Выбрать главу

Ключевое слово жизни — память: где утрачена память, там узнавание невозможно — этой темой закольцовано стихотворение, об этом его начало и конец. Поэт “слово позабыл”, он не может вернуть себе память и “радость узнаванья”, и его ласточка, его “мысль бесплотная”, остается в царстве теней. Таков простой сюжет, и стихотворение, на первый взгляд туманное, на поверку, при внимательном чтении, как и многие стихи Мандельштама, оказывается простым, ясным; “тумана” он сам боялся — так же, как “звона” — звука небытия, и “зиянья”, то есть пустоты. Воспоминанье “стигийского звона” на губах, которым завершается стихотворение, — мотив глубоко мотивированный в системе мандельштамовских образов, это тоже знак и отзвук нерожденного слова, тогда как шевелящиеся губы всегда означают у него процесс сочинения стихов14.
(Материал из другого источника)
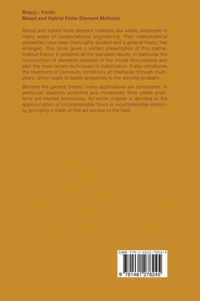 I: Variational Formulations and Finite Element Methods.- 1. Classical Methods.- 2. Model Problems and Elementary Properties of Some Functional Spaces.- 3. Duality Methods.- 4. Domain Decomposition Methods, Hybrid Methods.- 5. Augmented Variational Formulations.- 6. Transposition Methods.- 7. Bibliographical remarks.- II: Approximation of Saddle Point Problems.- 1. Existence and Uniqueness of Solutions.- 2. Approximation of the Problem.- 3. Numerical Properties of the Discrete Problem.- 4. Solution by Penalty Methods, Convergence of Regularized Problems.- 5. Iterative Solution Methods. Uzawa's Algorithm.- 6. Concluding Remarks.- III: Function Spaces and Finite Element Approximations.- 1. Properties of the spaces Hs(?) and H(div; ?).- 2. Finite Element Approximations of H1(?) and H2(?).- 3. Approximations of H (div; ?).- 4. Concluding Remarks.- IV: Various Examples.- 1. Nonstandard Methods for Dirichlet's Problem.- 2. Stokes Problem.- 3. Elasticity Problems.- 4. A Mixed Fourth-Order Problem.- 5. Dual Hybrid Methods for Plate Bending Problems.- V: Complements on Mixed Methods for Elliptic Problems.- 1. Numerical Solutions.- 2. A Brief Analysis of the Computational Effort.- 3. Error Analysis for the Multiplier.- 4. Error Estimates in Other Norms.- 5. Application to an Equation Arising from Semiconductor Theory.- 6. How Things Can Go Wrong.- 7. Augmented Formulations.- VI: Incompressible Materials and Flow Problems.- 1. Introduction.- 2. The Stokes Problem as a Mixed Problem.- 3. Examples of Elements for Incompressible Materials.- 4. Standard Techniques of Proof for the inf-sup Condition.- 5. Macroelement Techniques and Spurious Pressure Modes.- 6. An Alternative Technique of Proof and Generalized Taylor-Hood Element.- 7. Nearly Incompressible Elasticity, Reduced Integration Methods and Relation with Penalty Methods.- 8. Divergence-Free Basis, Discrete Stream Functions.- 9. Other Mixed and Hybrid Methods for Incompressible Flows.- VII: Other Applications.- 1. Mixed Methods for Linear Thin Plates.- 2. Mixed Methods for Linear Elasticity Problems.- 3. Moderately Thick Plates.- References.

Стихотворение выстроено логично и строго — и при этом само себя опро­вергает, потому что событие творчества в нем происходит вопреки сюжету. О несостоявшихся стихах мы читаем в стихах абсолютно состоявшихся, совершенных и к тому же характерных для поэтического метода Мандель­штама. Каких только источников и подтекстов здесь не обнаружено! — “монтаж текстов Гомера, Вергилия, Апулея и др. — с включением некоторых моти­вов вазовой росписи”15, отсылка к “категориям „Поэтики” Аристотеля”, “близость к „Письмам о русской поэзии” Гумилева” и стихотворению Шилейко16... Аониды, как известно, пришли в это стихотворение не из античной мифологии, а от Пушкина17, а сам сюжет связан с оперой Глюка “Орфей и Эвридика”, которую, в постановке Мейерхольда, Мандельштам с Ольгой Арбениной слушали осенью 1920 года. Не забудем “Ласточек” Державина и Фета — и для образного творчества самого Мандельштама как будто уже не остается места. Но при этой грандиозной “упоминательной клавиатуре” (“Разговор о Данте”, 1933) о “Ласточке”, как и обо всей поэзии Мандель­штама, можно сказать словами Гумилева: “<...> редко встречаешь такую полну­ю свободу от каких-нибудь посторонних влияний. <...> Его вдохновителями были только русский язык <...> да его собственная видящая, слышащая, осязающая, вечно бессонная мысль.

Эта мысль напоминает мне пальцы ремингтонистки, так быстро летает она по самым разнородным образам, самым причудливым ощущениям, выводя увлекательную повесть развивающегося духа”18.

Чужое претворяется в свое так же таинственно, как тоска о неродившемся слове становится стихами. Мертвая ласточка оживает в стихах, как будто на нее брызнули живой водой, и остается в нашем сознании как “нежный и хрупкий образ души, свободы, поэзии”19.

 

5

Владислав Ходасевич. “Ласточки”

Имей глаза — сквозь день увидишь ночь,

Не озаренную тем воспаленным диском.

Две ласточки напрасно рвутся прочь,

Перед окном шныряя с тонким писком.

Вон ту прозрачную, но прочную плеву

Не прободать крылом остроугольным,

Не выпорхнуть туда, за синеву,

Ни птичьим крылышком, ни сердцем подневольным.

Пока вся кровь не выступит из пор,

Пока не выплачешь земные очи —

Не станешь духом. Жди, смотря в упор,

Как брызжет свет, не застилая ночи.

18 — 24 июня 1921

 

Когда Ходасевич писал это стихотворение, он уже наверняка знал “Ласточку” Мандельштама — они были соседями по ДИСКу, где все сочиненное становилось тут же общим достоянием; известно, что Мандельштам раздаривал автографы “Ласточки” прежде, чем она была опубликована в сборнике “Дом искусств” (1921, № 1, ноябрь). А раз Ходасевич знал ее, то не мог не учитывать и не помнить, когда сочинял своих “Ласточек” — всего через несколько месяцев после Мандельштама. Можно предположить и большее: не к нему ли обращается Ходасевич во втором лице, не ему ли адресует свои императивы — “Имей глаза...”, “Жди, смотря в упор...”? Прежде всего, конечно, это разговор поэта с самим собой, но вместе с тем мы слышим полемический тон и чувствуем, что его задел, побудил к стихам какой-то внешний повод.